View Full Version : Redundant Pipes


Circa3000
01-18-2002, 01:21 AM
Hi all,

Can a routing failure (at a Qwest facility) knock out access to your network, even if you have redundant pipes?

Our upstream provider procures bandwidth for us from Qwest and others. Today, a network failure outside of our company disrupted service for over two hours. The disruption was not total -- some visitors did get through while those that reported failure could not get through at all, despite several retries.

The inevitable question was asked by one of my customers, "but don't you guys have redundant pipes?" I replied, "yes, of course" but then couldn't explain why he would not be rerouted around the ailing Qwest facility (in Burbank).

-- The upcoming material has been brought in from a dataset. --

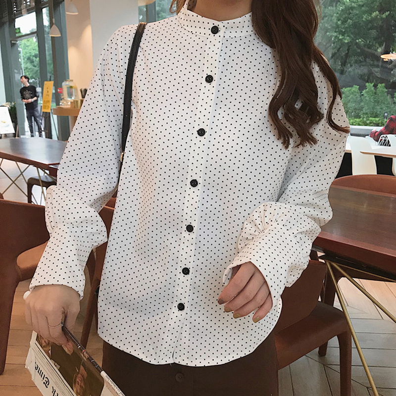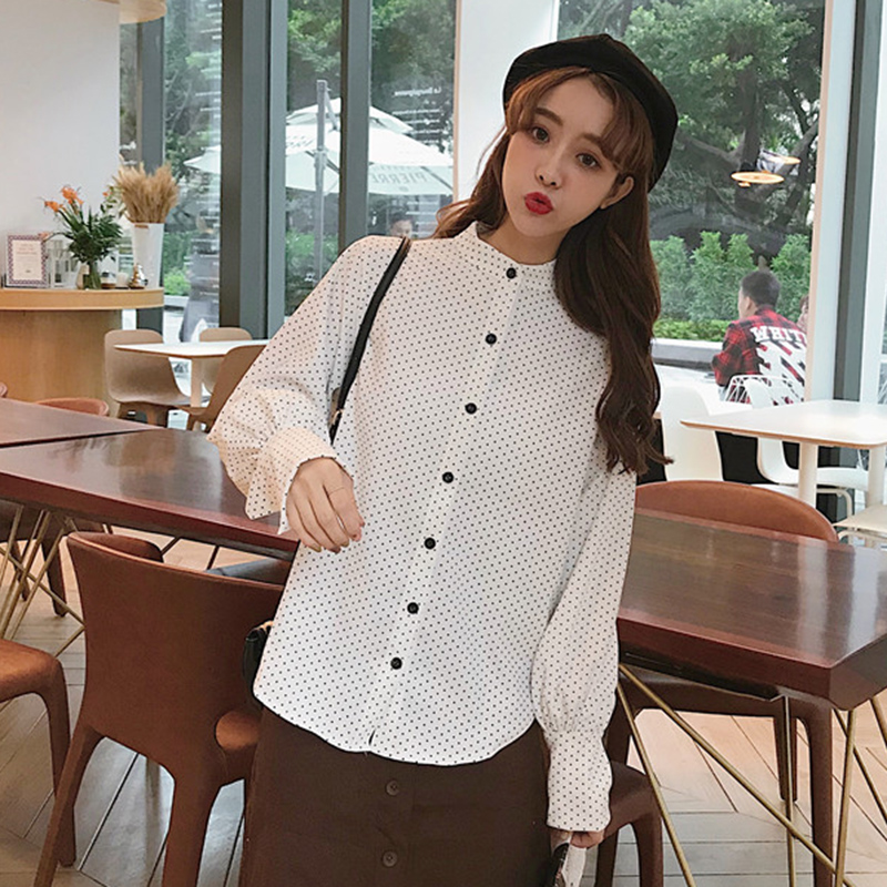 襯衫女秋冬裝2018新款韓版波點燈籠長袖上衣學生顯瘦中長打底開衫

According to our upstream provider, a router (typically, responsible for switching from a slow or broken pipe to a good pipe) can fail, jamming access through any of the available pipes.

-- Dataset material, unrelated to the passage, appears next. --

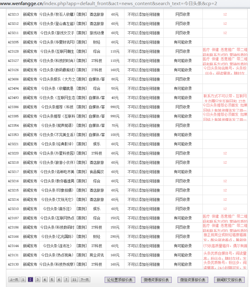 今日头条部分账号软文发稿价格

I'll buy that, but I still can't explain why my customer in Indiana would be routed through Burbank, CA and then hang up there on a failed router -- rather than be immediately rerouted through, say, Sacramento -- our nearest mega-POP.

Do these explanations add up? Or, am I paying for redundancy that I'm not getting?

Any input is greatly appreciated.

astanley
01-18-2002, 08:57 AM
Well a downed router is not the same as a routing error. Border Gateway Protocol, better known as BGP is the protocol of choice for most company's using routers now, and the biggest reason is the addition of classless adressing (assiging partial IP blocks, instead of full class a/b/c). At a set interval all routers running BGP check the status of all neighboring routers, and if one is unresponsive - then BGP turns off that route, and routes all traffic through the next priority link. In the event of a route ERROR, however, the bordering router does not become unresponsive, as the router never goes down, it has been merely misconfigured. A routing error would show up in a traceroute as what is also known as a "routing loop", if your users had tried to traceroute your machine while receiving the downtimes they would've seen something similar to:

7 icix.att.net (165.117.69.10) 11.16 ms 12.948 ms 10.619 ms
8 gbr3-p50.wswdc.ip.att.net (12.123.9.50) 10.525 ms 10.753 ms 10.469 ms
9 gbr3-p40.sl9mo.ip.att.net (12.122.2.82) 43.565 ms 43.883 ms 41.358 ms
10 gbr3-p20.sffca.ip.att.net (12.122.2.74) 75.868 mst 77.882 ms 78.434 ms
11 gbr3-p40.sl9mo.ip.att.net (12.122.2.82) 43.565 ms 43.883 ms 41.358 ms
12 gbr3-p20.sffca.ip.att.net (12.122.2.74) 75.868 mst 77.882 ms 78.434 ms
13 gbr3-p40.sl9mo.ip.att.net (12.122.2.82) 43.565 ms 43.883 ms 41.358 ms
14 gbr3-p20.sffca.ip.att.net (12.122.2.74) 75.868 mst 77.882 ms 78.434 ms

Notice that 9-14 simply bounce the user back and forth between two routers - this is most likely the error your customers would've seen. As far as why a customer was routed halfway across the internet to get to your site - that's just what happens. Routers are fairly intelligent and do constant polling on all neighboring connections in order to build a reliability, and bandwidth table...each neighboring router is rated based on this table, and the packets are sent to the highest rated neighbor that has an entry in the routing table for that destination. I hope that's not too confusing, and I hope it better explains the problem you had.

-Adam